Three years ago, when we started exploring the use of machine learning techniques in IT Ops, we were completely overtaken by and tangled in the colossal number of technologies and jargons surrounding it. The immense documentation, tutorials, and samples available further added to our confusion. Despite all these resources, we couldn’t even get closer of deriving a meaningful narration on how to implement a proactive management function using ML.

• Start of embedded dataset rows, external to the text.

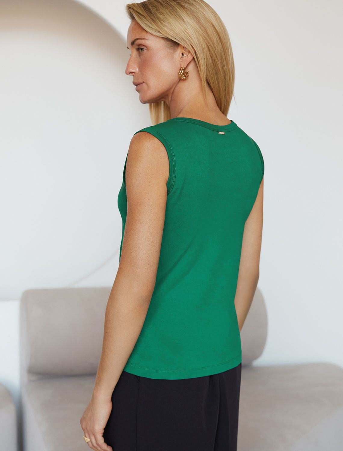 Топ выполнен из премиального хлопка с эластаном. V- вырез подчеркивает линию декольте и визуально вытягивает шею. Лаконичная базовая модель впишется в любой гардероб и дополнит многослойные образы. Материал изделия хорошо тянется и гарантирует идеальную посадку по фигуре. Из украшений только металлическим логотипом бренда. зеленый
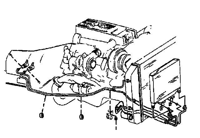 3. For vehicles with the Turbo Diesel, remove the retainer clips and brackets that secure the transmission cooler lines to, the engine.
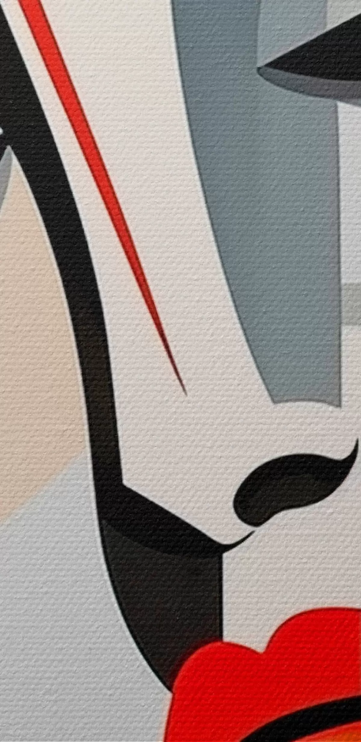 Um die Leinwand auf Keilrahmen zu spannen, ohne das Bild zu beschädigen, verwenden wir ein gespiegeltes Bild.
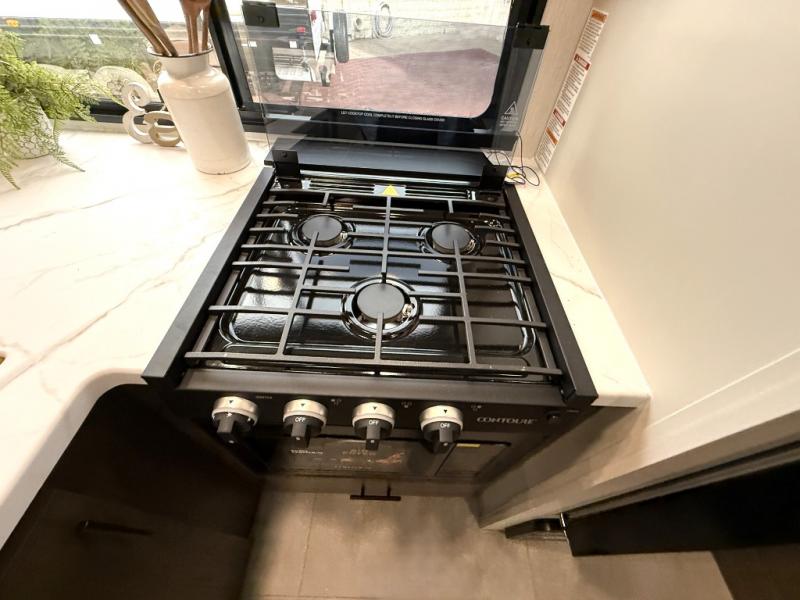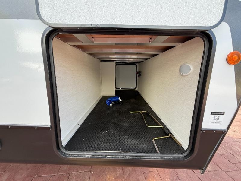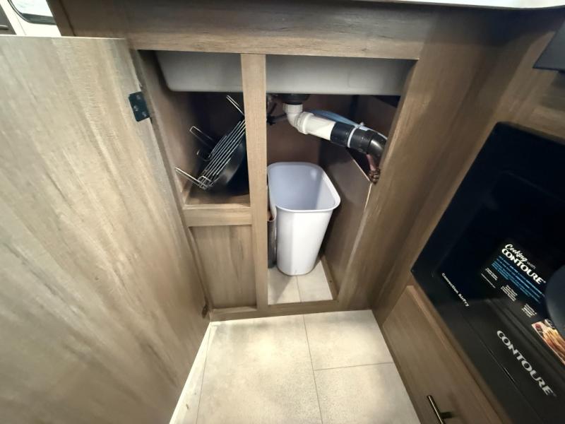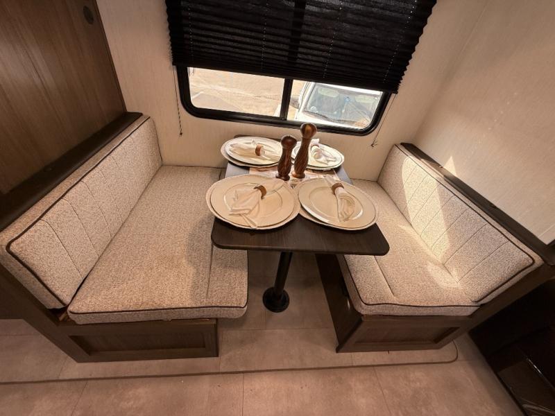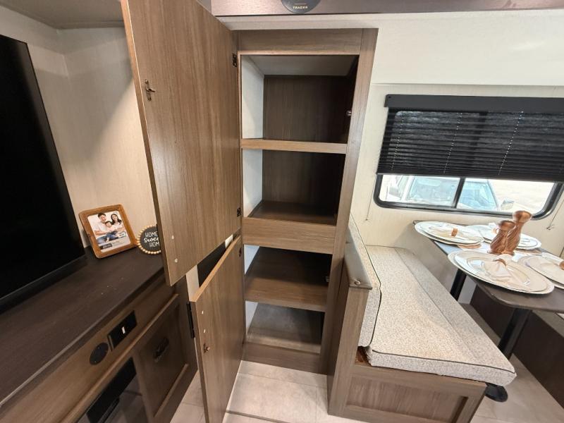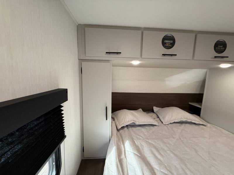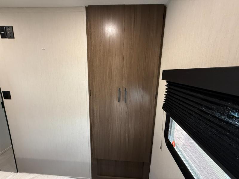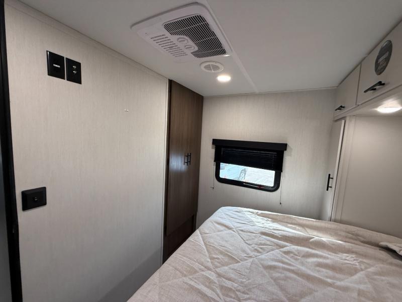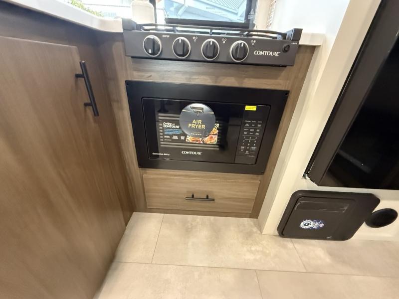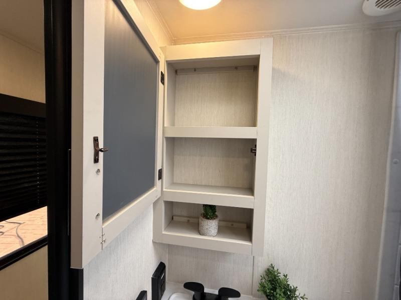 This travel trailer's modern rear kitchen is equipped with a reliable fridge, well-stocked pantry, and even a fireplace, making meal prep and cooking a great experience. The theater seating offers a cozy spot to unwind, while the dinette is perfect for sharing meals or stories with loved ones. The air fryer cooktop will also be useful for some easy delicious meals on the go, and the practical full bathroom to freshen up. The serene front bedroom is a peaceful retreat, featuring a comfortable camp king bed, spacious wardrobes, and ample overhead cabinets for storing your essentials.
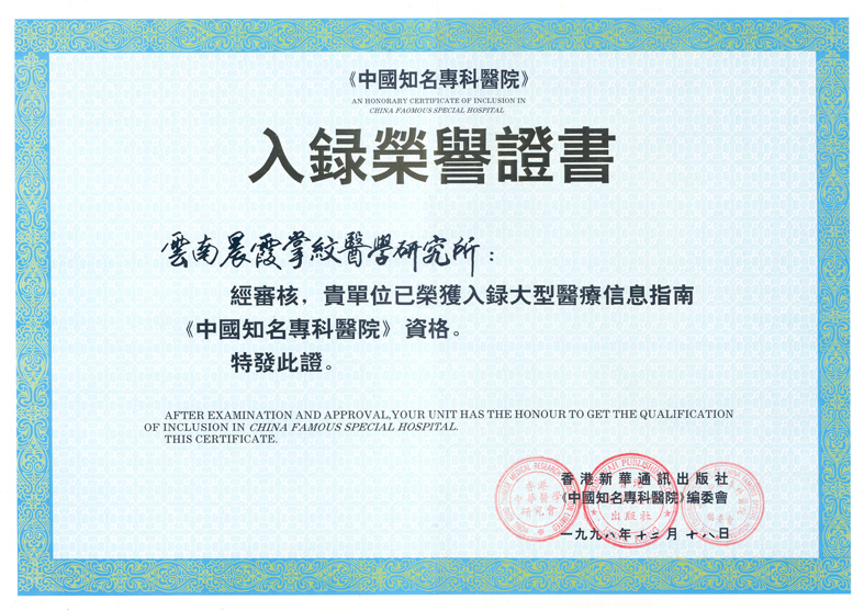1998年12月18日,云南晨霞掌纹医学研究所荣获入录大型医疗信息指南《中国知名专科医院》资格。
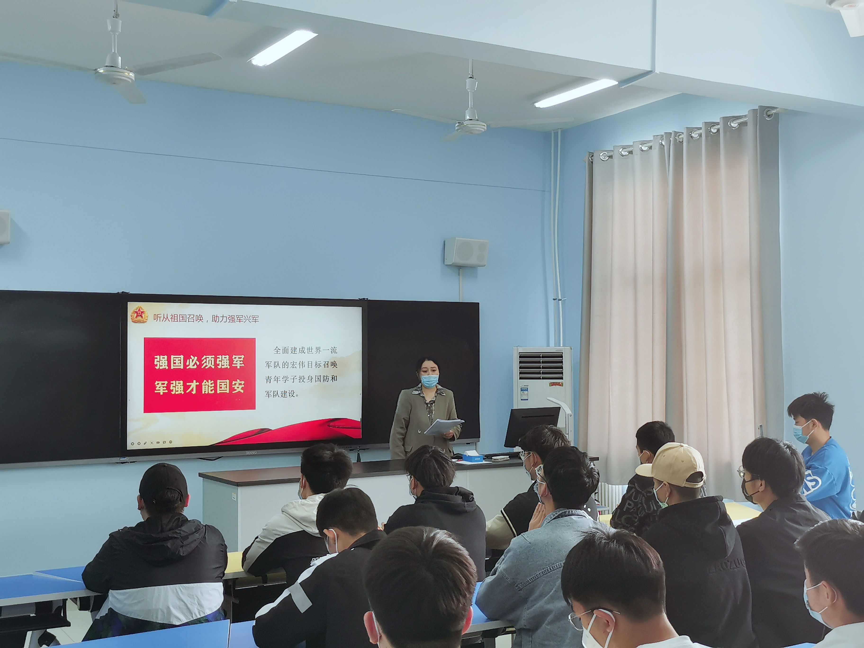为鼓励学生响应国家号召参军入伍、投身国防建设事业,tyc234cc 太阳成集团于4月29日下午三点在A325教室开展线上线下相结合的征兵政策宣讲活动,男生线下参加,女生线上参加。本次活动由辅导员李琦主讲,团委副书记袁泉和辅导员李世尧出席,太阳成官网18、19级全体学生参加。

ML was developed in the early 1950s and has been around for quite some time, and the vision of making intelligent machines is finally gaining momentum now. The past few decades have seen massive scalability of data and information. One key thing we need to understand is the fact that data has now become a commodity and large amounts of many different kinds of data are extensively available, consenting for much more accurate predictions than were ever possible in the long history of machine learning. With the advent of cloud and big data technologies, the availability of powerful machines and the analysis of unstructured data has become much easier and economical.
In the first part of this series, we explained that it is almost impossible to build a perfect system, and your best bet is to try to minimize the occurrences of failures. Prediction is an obvious solution to know when systems failure and ML should play a key role here. Machine learning solves problems by relying on the same fact: the availability of existing data. At the simplest level, machine learning systems try to predict a value for something based on the historic trend observed. Accomplishing that prediction requires three things:
- A way of describing the subject for prediction.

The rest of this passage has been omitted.